The Philippines may buy as much as 150,000 tons of sugar this year, Rafael Coscolluela, the regulatory administrator, said last week. That would be the first purchase for domestic use since 2002, according to Amarra.
Batangas and 20 other provinces experienced a dry spell in the past three months, according to the weather bureau. Batangas has the capacity to produce 160,000 tons a year, about 7 percent of the nation’s forecast output this year, Philippine Sugar Millers Association Executive Director Archie Amarra said today.
‘Significant Influence’
The El Nino weather phenomenon strengthened in December and is forecast to last through June, according to a Jan. 7 U.S. Climate Prediction Center report. “Regardless of its precise peak strength, El Nino is expected to exert significant influence on global weather and climate in the coming months,” it said.
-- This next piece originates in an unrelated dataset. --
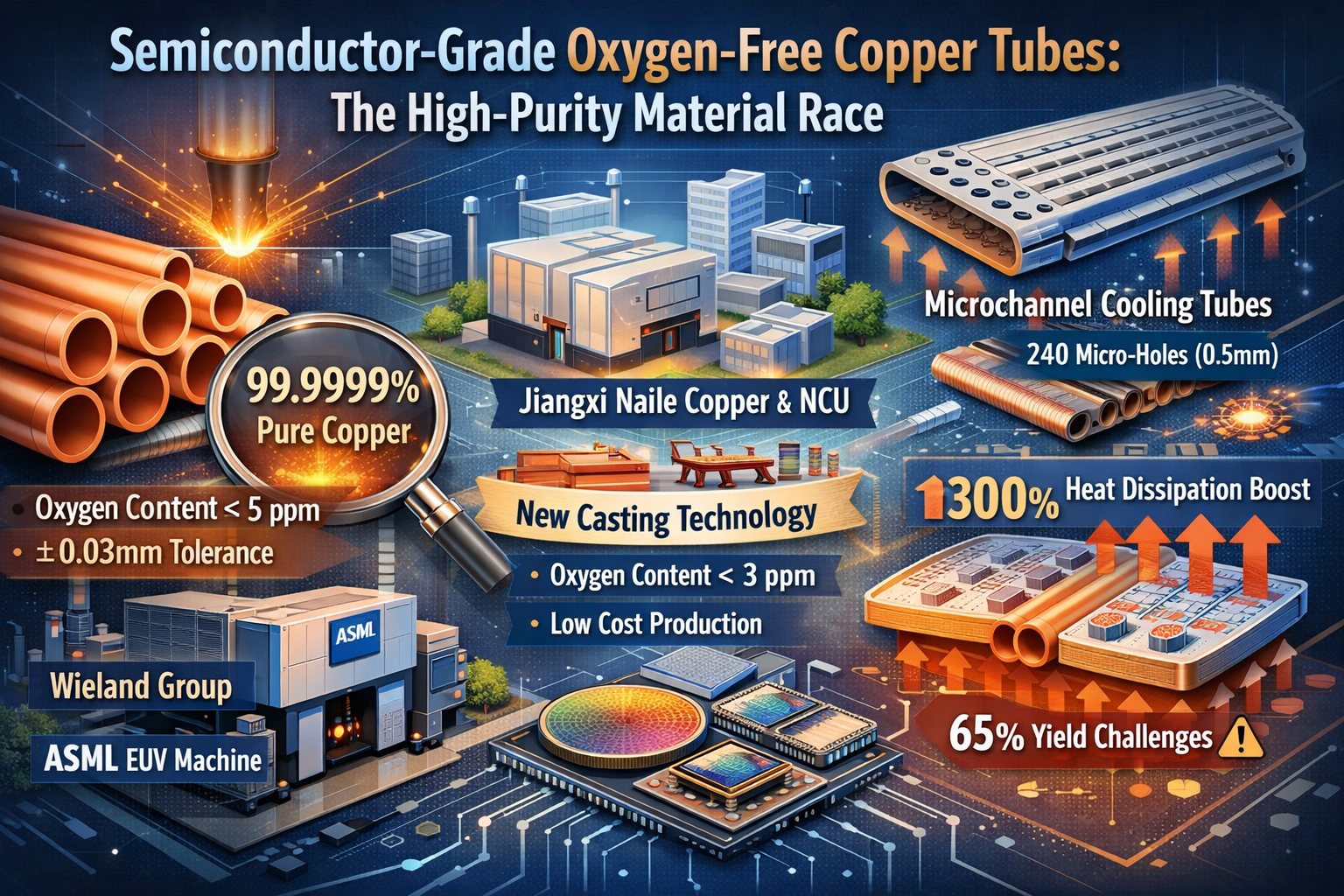 Läpimurtoja sisään kustannustehokas vaihtoehtoja syntyy. Jiangxi Naile Copper kehitti yhteistyössä Nanchangin yliopiston kanssa "erittäin vähän happijaetun vaakasuuntaisen jatkuvan valumenetelmän", joka säätelee happipitoisuutta alle 3 ppm:llä kahdeksasosalla tuontityhjiömenetelmien hinnasta. Tämä innovaatio on tullut SMIC:n 14 nm:n tuotantolinjojen toimitusketjuun. Edistyneempiin sovelluksiin kuuluvat kiekkotason jäähdytysputket mikrokanavasuunnittelu (esim. 240 mikroreikää, joiden halkaisija on 0,5 mm) parantamaan lämmönpoistotehokkuutta 300 %, vaikka tuottoaste on edelleen haaste 65 %.

Below-normal rainfall may stunt cane growth in its first four months of development, Amarra said in a phone interview from Negros Island in central Philippines.
Cane needs at least a year to grow in the Philippines and planting takes place all year round, Amarra said today. El Nino may increase the sugar content of mature cane, helping raise yields for crops planted four months before the phenomenon hit the country, he said.
Price Jumps
Raw sugar had its biggest annual gain since 1974 last year. The March-delivery contract jumped as much as 2.1 percent to 28.20 cents a pound on ICE Futures U.S. in New York at 4:56 p.m. Singapore time.
The Philippines may buy sugar as early as April, said Agriculture Secretary Arthur Yap on Jan. 13. Supplies of smuggled sugar have dried up as global prices surge, lifting the use of domestically made sweetener to 2.1 million tons this year from 1.87 million tons last year, Amarra said last week. Output is forecast at 2.16 million tons, he said.
Exports may drop to 143,000 tons in the year that began Sept. 1, the lowest since 2002, after the government ordered a halt in shipments to markets outside the U.S., according to Amarra. The country ships sugar to the U.S. under its import quota system.
The country shipped 219,132 tons of raw sugar to the U.S. and other markets in the year ended Aug. 31, according to the government Web site. Domestic raw sugar prices jumped 10 percent to 1,658.33 pesos ($36) per 50-kilogram bag on Jan. 7 from a month earlier, according to the regulatory body’s Web site.